The putative CO promoter sequence (proCO; 3,576 bp) was amplified from Col-0 genomic DNA using gene-specific primers (Takada and Goto, 2003; Supplemental Data Set S1). The proCO:GUS construct was cloned into the pOCA28 binary vector and introduced into wild-type (Col-0) plants using the floral dip method (Clough and Bent, 1998). T₅ seedlings from proCO:GUS transgenic lines were treated with 50- or 100-μM MeJA for 4 h and then samples were harvested at ZT 16 for staining. The histochemical detection of GUS activity was performed as previously described (Chen et al., 2010). The primers used for cloning are listed in Supplemental Data Set S1.

RNA extraction and RT-qPCR

Total RNA was extracted from seedlings of the indicated age that had been treated with or without MeJA using Trizol reagent (Invitrogen) for RT-qPCR analysis, which was performed as previously described (Han et al., 2020). Briefly, 1.0-μg DNase-treated total RNA was reverse transcribed in a 20-μL reaction volume using the oligo-(dT)18 primer and Moloney murine leukemia virus reverse transcriptase (Fermentas, Hanover, MD, USA). The cDNA was diluted 1:1 prior to use. Each qPCR analysis was completed using 1.0-μL cDNA, a SYBR Premix Ex Taq kit (Takara Biotechnology), and a LightCycler 480 real-time PCR instrument (Roche) according to the manufacturer's instructions. ACTIN2 (At3g18780) was used as the internal control. The gene-specific qPCR primers are listed in Supplemental Table S1.
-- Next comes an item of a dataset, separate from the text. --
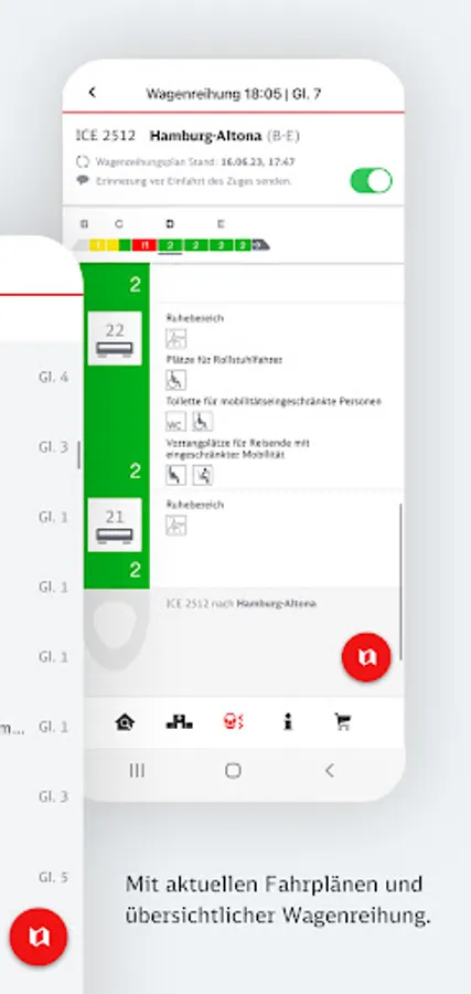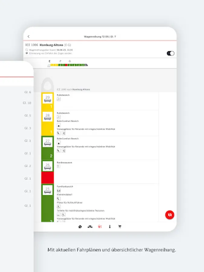 To begin your journey simply relaxed. With the current car sequence for ICEs, ICs and ECs save yourself a long way through the train to your seat. Upon request, we also inform you shortly before entering your train.
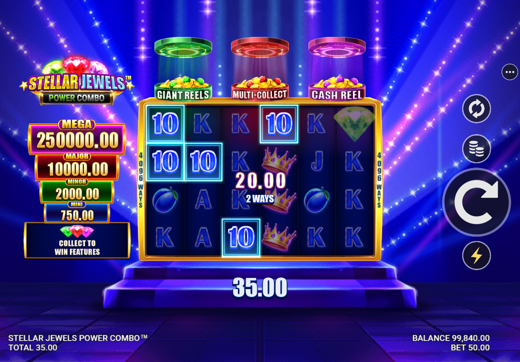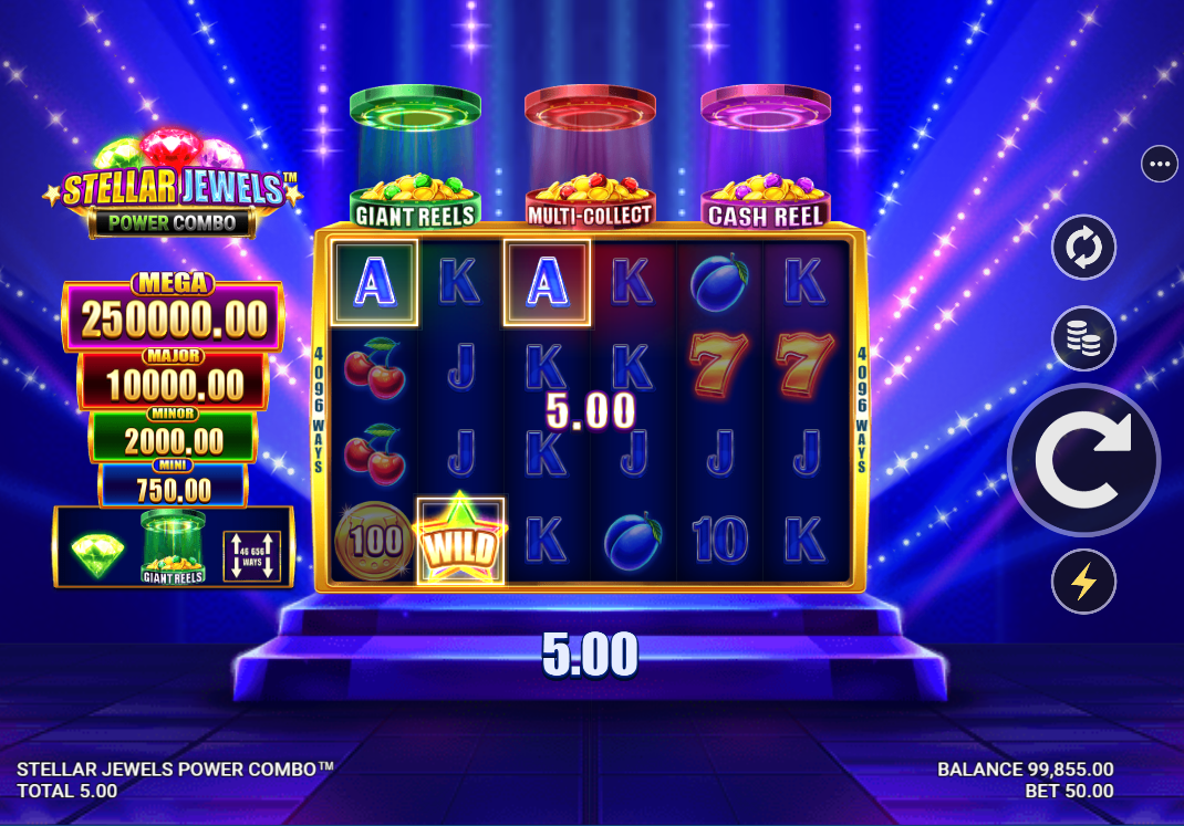 At the heart of Stellar Jewels Power Combo lies an intricate system of three distinct features that work in harmony. The game introduces an innovative token collection mechanism where Giant Reels, Multi-Collect, and Cash Reel tokens can trigger independently or combine for enhanced gameplay sessions. This creates a layered experience where each spin carries multiple possibilities for feature activation.

Anthocyanin content measurement

Arabidopsis seeds were surface-sterilized with 5% [v/v] NaClO solution for 15 min and washed with sterile water three times, then incubated in the dark at 4°C for 2 days for stratification. Arabidopsis seedlings were grown on MS medium with or without 30-µM MeJA for 10 days before measuring their anthocyanin content as previously described (Qi et al., 2011). The anthocyanin content is expressed as (A₅₃₅−A₆₅₀) per gram fresh weight. All experiments were performed at least eight times with similar results by analyzing seedlings of different batches.

Root measurements

For jasmonate-mediated root-growth inhibition assays, the root length of 8-day-old seedlings grown on MS medium with or without 30- μM MeJA (Sigma-Aldrich) was measured. All experiments were performed at least five times with similar results by analyzing seedlings of different batches. For each sample, the root length of 20 representative seedlings was measured (n = 20). Values represent means ± Sd. Comparisons between different lines and the wild type were done by a two-way analysis of variance (ANOVA).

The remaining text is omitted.